AssemblyAI is looking for a Senior Software Engineer, AI Data to build robust, scalable systems that power the AI data platform. In this role, you will drive technical execution, own significant features, and work on high-impact projects that directly influence the ability to train and evaluate AI models at scale.
What You'll Do
- Design scalable, future-proof data platforms optimized for AI research workloads.
- Build efficient self-serve data processing pipelines leveraging GCP's advanced services.
- Implement cost-effective storage and monitoring solutions for ML at scale.
- Create flexible training resource management with intelligent queuing.
- Optimize resource allocation for maximum training efficiency.
- Participate in an on-call rotation to ensure system reliability.
- Lead adoption of cutting-edge ML tools and frameworks, continuously evaluating and integrating best-in-class solutions.
- Streamline existing workflows while introducing new tooling that further reduces complexity.
- Enhance tooling and documentation to accelerate team velocity.
- Implement guardrails for cost, quality, and performance.

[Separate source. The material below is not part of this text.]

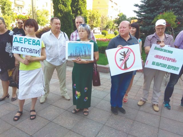Часом раніше біля житлового будинку №7 на вулиці Соборній працівники підприємства «Єлизавета» спиляли три пірамідальні тополі, аби приватний бізнесмен побудував магазинчик, а жителі міста ще й за це заплатили своїми податками.

- Identify and eliminate technical bottlenecks in the data processing and training pipelines.
What We're Looking For
- 5+ years of professional software engineering experience.
- Strong proficiency in Python and SQL with demonstrated ability to write production-quality code.
- Solid understanding of software engineering fundamentals: data structures and algorithms, system design and architectural patterns, testing strategies (unit, integration, end-to-end), code review practices and technical collaboration.
- Experience with RESTful APIs and distributed systems concepts.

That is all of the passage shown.